Scientists Aging Faster Than Other Workers - ranvir
https://www.nytimes.com/2017/04/17/science/ranks-of-scientists-aging-faster-than-other-workers.html?rref=collection%2Fsectioncollection%2Fscience&action=click&contentCollection=science&region=stream&module=stream_unit&version=latest&contentPlacement=1&pgtype=sectionfront
======
arcanus
It's harder than ever for young researchers to get initial grants.

The pay is seriously lagging industry. In many cases, the resources at your
disposal are substantially larger in industry as well.

Meanwhile, universities are increasingly run by administrators. Faculty have
more service requirements and less autonomy than in the past. Overhead
expenses are higher than ever, as well.

Furthermore! Tenured faculty are hard to fire, or even force into retirement.
They draw large resources even after they retire in pensions and emeritus
status. So open faculty positions are constantly hard to come by.

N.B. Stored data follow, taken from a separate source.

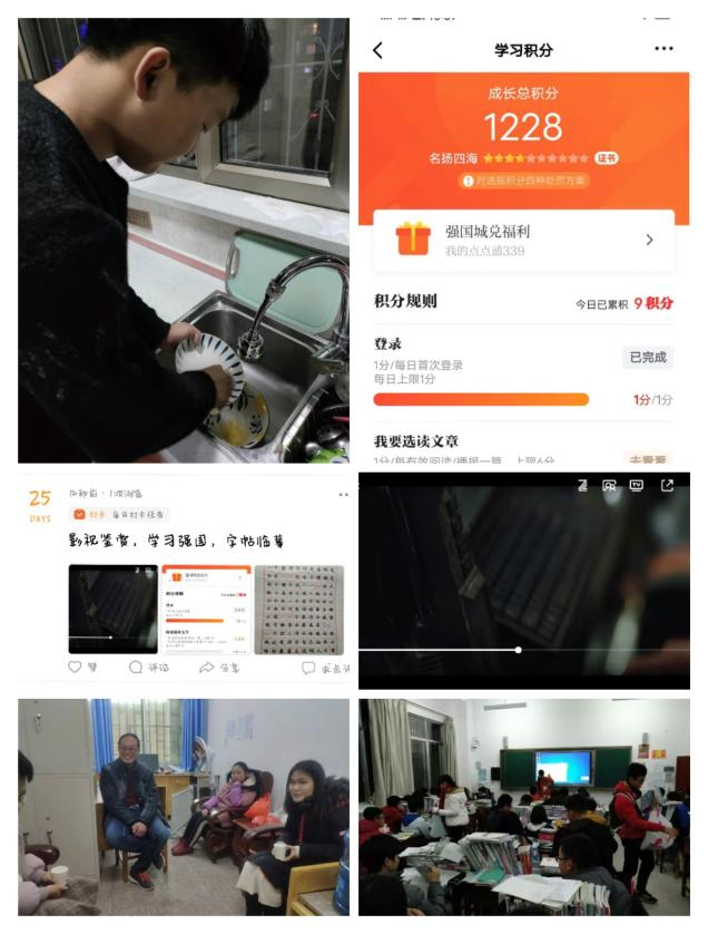 本周,我们完成了母校回访,跟老师聊起了以前的点点滴滴,感受到了母校的温暖,也感受到了老师的关怀。同学们进行了影视赏析交流,王明军与杨文宇同学观看了电影《流浪地球》并撰写观后感。本周小组成员也充分完成了临摹字帖,在学习强国中学习,每日学习积分在40分左右,锻炼1个小时左右,且部分成员学习强国任务已经达到1000分。同时本周的感恩实践我们同样选择了做家务,在切身参与家务劳动以后,明白了父母的艰辛与不易。
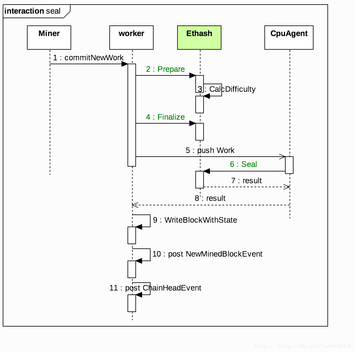 新产生的区块必须经过“盖章(seal)”才能成为有效区块,具体到Ethash来说,就是要执行POW计算以获得低于设定难度的nonce值。这个其实在之前的挖矿流程分析中已经接触过了,主要分为3个步骤:
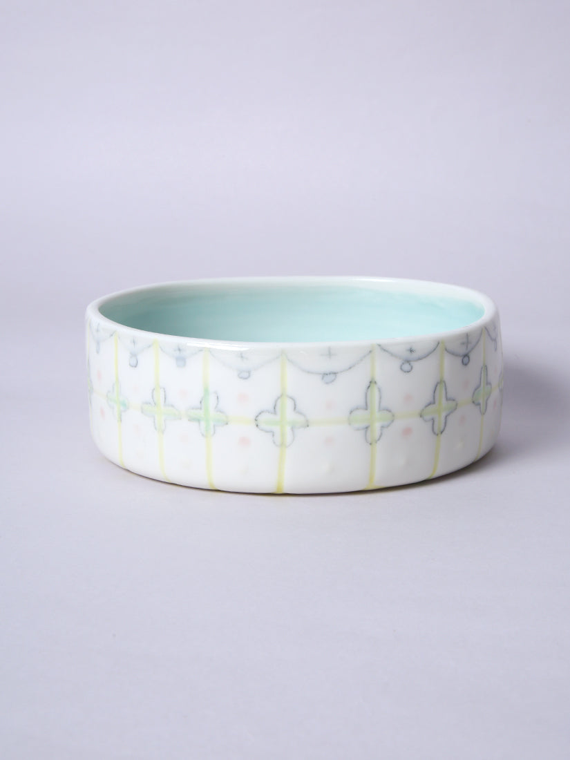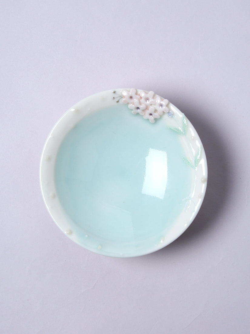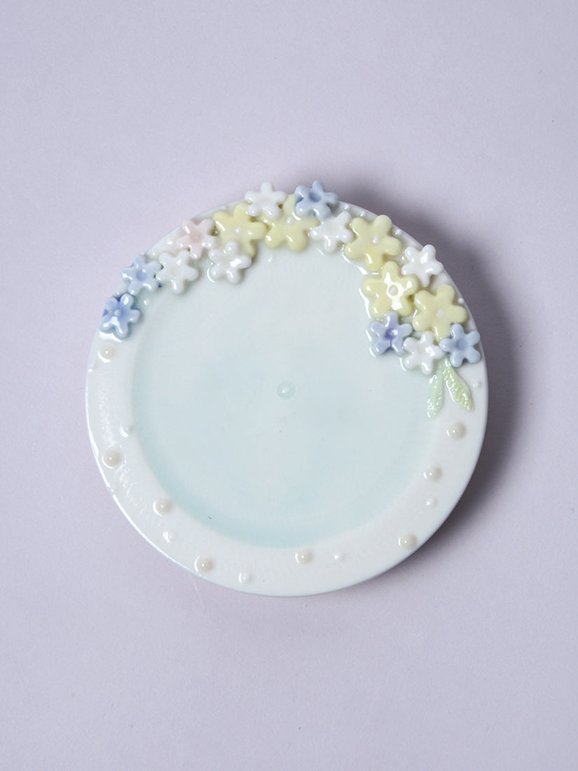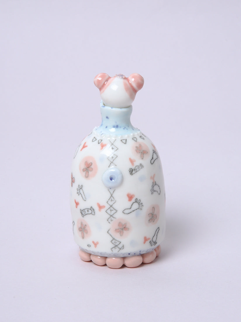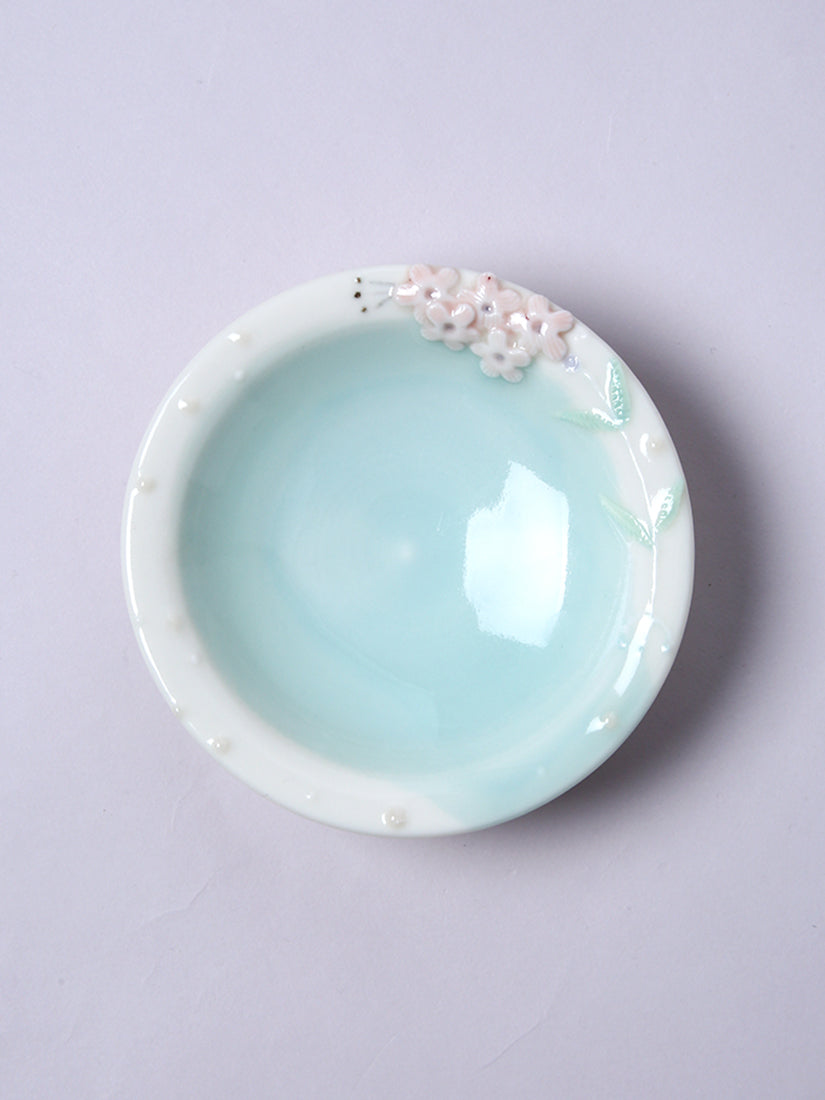 2009年陶芸アシスタントを経て、独立。愛知県常滑にて作陶。2012年神奈川県へ移窯。 様々な種類の土と素材を組み合わせ、雨粒の様なドット、動植物をモチーフに装飾がされた陶器を制作。 雨の時の霞んだ色をパステルで表現しています。 土は、記憶をする性質があり、それに自身の幼少期からの記憶や好きを重ね日々制作しています。
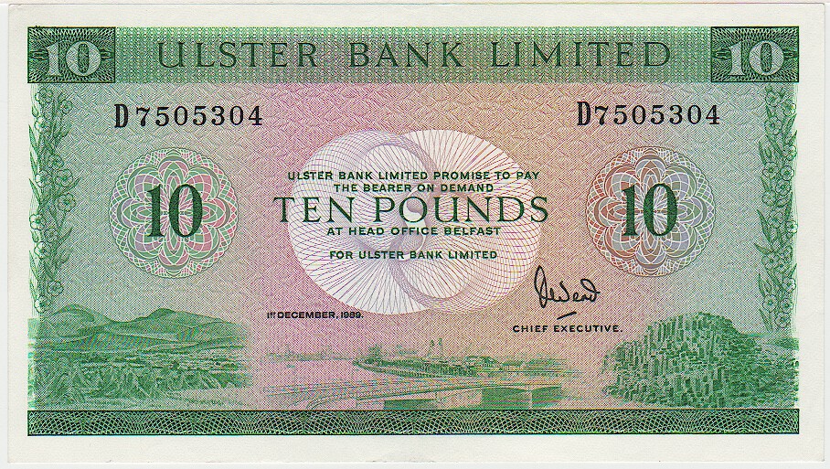 Ulster Bank Ltd 10 Pounds,  1.12.1989NI.825d10 Pounds 1.12.1989
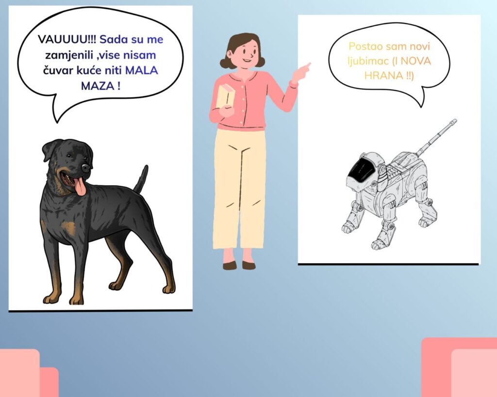 Učenici su u sklopu izvannastavne aktivnosti iz informatike izradili svojstveni digitalni strip, koristeći se Canva programom, na temu “Napredak tehnologije”. Učenicima je data kreativna sloboda te su se mogli dotaknuti pozitivnog ali i negativnog konteksta u pogledu napredka tehnologije.
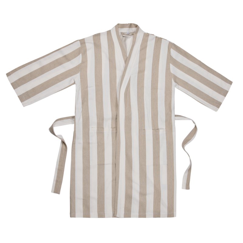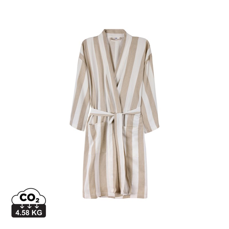 Стильный халат VINGA Ornos просто создан для пляжа и отдыха. Легкий и воздушный материал объединил в себе мягкость хлопка и простоту полиэстера — благодаря нему полотенце быстро сохнет. Изделие выполнено в классическом стиле с двухцветными полосками. Для максимального удобства предусмотрены карманы, рукава 3/4 и пояс на талии. Сертификация GRS (Global Recycled Standard) гарантирует, что вся цепочка поставок переработанных материалов проверена и подтверждена. Содержание вторсырья от общего веса изделия: 69% переработанный хлопок и 29% переработанный полиэстер. Плотность ткани: 200 г/м².
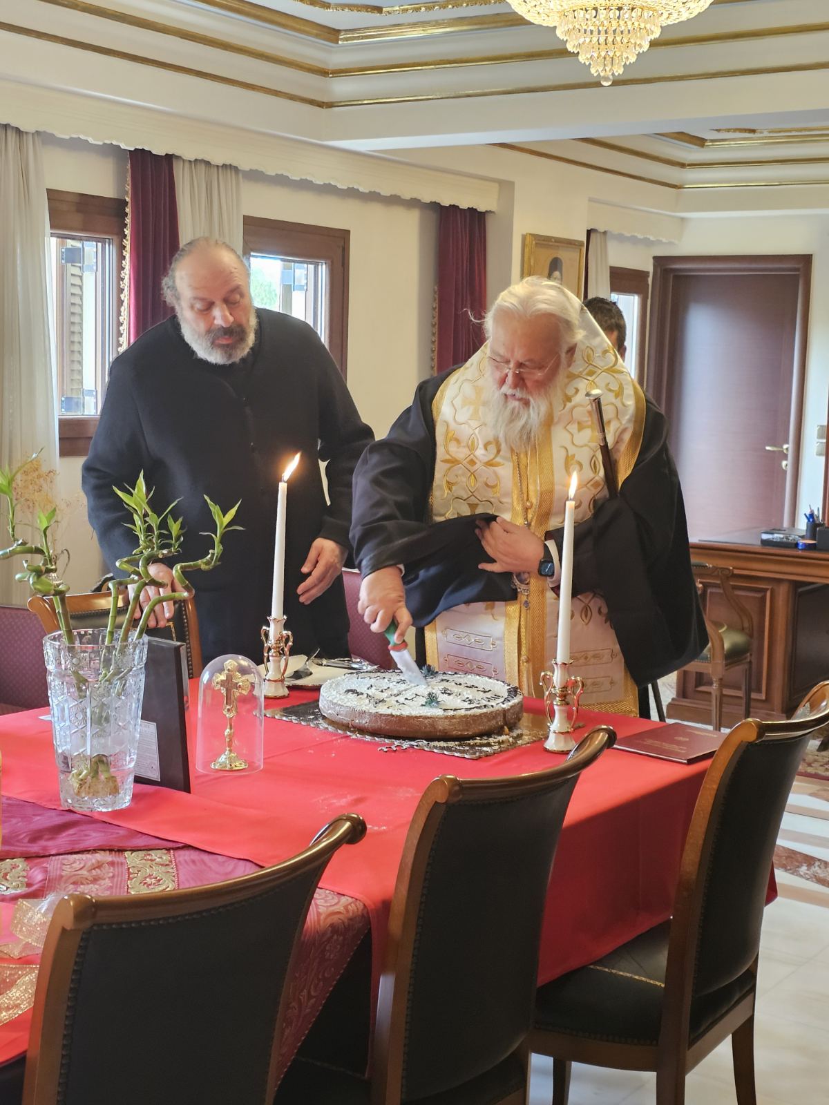 Στη συνέχεια, ο κ. Νεκτάριος ευλόγησε τη βασιλόπιτα των Γραφείων της Ιεράς Μητροπόλεως, ευχαριστώντας τους συνεργάτες της τοπικής Εκκλησίας τόσο στη διοίκηση όσο και στις δομές όπως το Επικοινωνιακό και Μορφωτικό Ίδρυμα, ο Βρεφονηπιακός Σταθμός και το ΚΔΑΠ, ο Ραδιοφωνικός Σταθμός και το Ίδρυμα Χρονίως Πασχόντων, για την συναντίληψη και συνοδοιπορία στο έργο της προσφοράς στον άνθρωπο και της αναζήτησης νοήματος αιωνιότητας μέσα από τη σχέση με τον Χριστό.
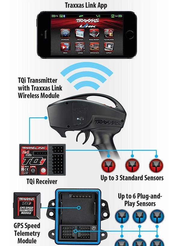 Для повної функціональності потрібен TQi-передавач, модуль Traxxas Link і TQi-приймач у моделі. Датчики телеметрії (наприклад, для температури чи швидкості) продаються окремо.
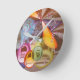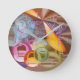 These dramatic clocks add a touch of flair to your decor. This one is from an abstract in fun colours with multi-coloured bubbles and shapes. Counter clockwise numbers for people who are always short on time - or just for people who like to be a bit different!

Last year I made a move to industry, from a research position at a well
regarded program. I multiplied my salary by a nice integer, and I had multiple
job offers from fortune 500 tech companies and a few of the HFT hedge funds
that users are familiar with on this website. I wouldn't have had a shot at a
faculty position at anything that I would have considered a tier-1 research
organization.

Don't get me wrong, I loved my time in academia and I was very well treated,
relatively speaking. But I was absolutely at a point of diminishing returns
where I would have floundered around like so many of my incredibly talented
and hard working friends who are still postdocs/non-permanent staff at these
institutions.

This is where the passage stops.